One story making the
rounds of Williamstown was that Lea DeLaria, the vivacious, openly gay
comic, had taken a shine to Ms. Moennig and pursued her
enthusiastically while the two co-starred in As You Like It.
"She did, a
bit," Ms. Moennig said carefully, quickly adding: "I like
her a lot … she’s really talented. And she’s nuts, man!"
If Ms. Moennig takes
misconceptions about gender or sexuality in stride, it may have to do
with some of her earliest acting experiences. "I knew that I’d
probably be cast as an androgynous character, but I never knew what
kind," she said. Nicknamed "Scout" by her mother after
literature’s most famous tomboy, Ms. Moennig’s first acting gig
was at 10, in a children’s theater production of Winnie the Pooh.

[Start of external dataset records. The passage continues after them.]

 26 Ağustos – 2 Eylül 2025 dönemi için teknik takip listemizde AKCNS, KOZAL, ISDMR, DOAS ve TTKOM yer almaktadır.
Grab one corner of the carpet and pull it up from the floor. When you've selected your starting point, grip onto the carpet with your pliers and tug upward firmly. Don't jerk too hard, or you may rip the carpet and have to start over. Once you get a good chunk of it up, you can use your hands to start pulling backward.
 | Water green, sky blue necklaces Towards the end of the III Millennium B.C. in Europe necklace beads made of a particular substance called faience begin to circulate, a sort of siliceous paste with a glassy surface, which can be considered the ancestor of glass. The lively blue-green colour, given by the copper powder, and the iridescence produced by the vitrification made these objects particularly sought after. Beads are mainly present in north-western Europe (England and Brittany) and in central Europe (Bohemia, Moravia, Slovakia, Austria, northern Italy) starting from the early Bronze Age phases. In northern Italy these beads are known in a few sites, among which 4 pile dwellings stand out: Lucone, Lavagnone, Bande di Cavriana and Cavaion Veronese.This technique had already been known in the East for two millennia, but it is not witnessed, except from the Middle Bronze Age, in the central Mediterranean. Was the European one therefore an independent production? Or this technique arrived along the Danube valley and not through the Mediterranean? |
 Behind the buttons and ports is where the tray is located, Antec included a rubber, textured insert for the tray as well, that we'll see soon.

She played Christopher Robin.
Ms. Moennig grew up
in Tony Rittenhouse Square in Philadelphia. Her father is a
violin-maker, her mother a retired Broadway dancer who was in Funny
Girl, the film Thoroughly Modern Millie and a string of
what she later told her daughter were flops. She attended a Catholic
elementary school and then Notre Dame Academy, a private all-girls
prep school which she calls a "clique factory."
Ms. Moennig had some
early career confusion. "I wanted to be a violin-maker like my
dad, and then I wanted to be a doorman in my building," she said.
Even when she’d found acting, she briefly considered other options.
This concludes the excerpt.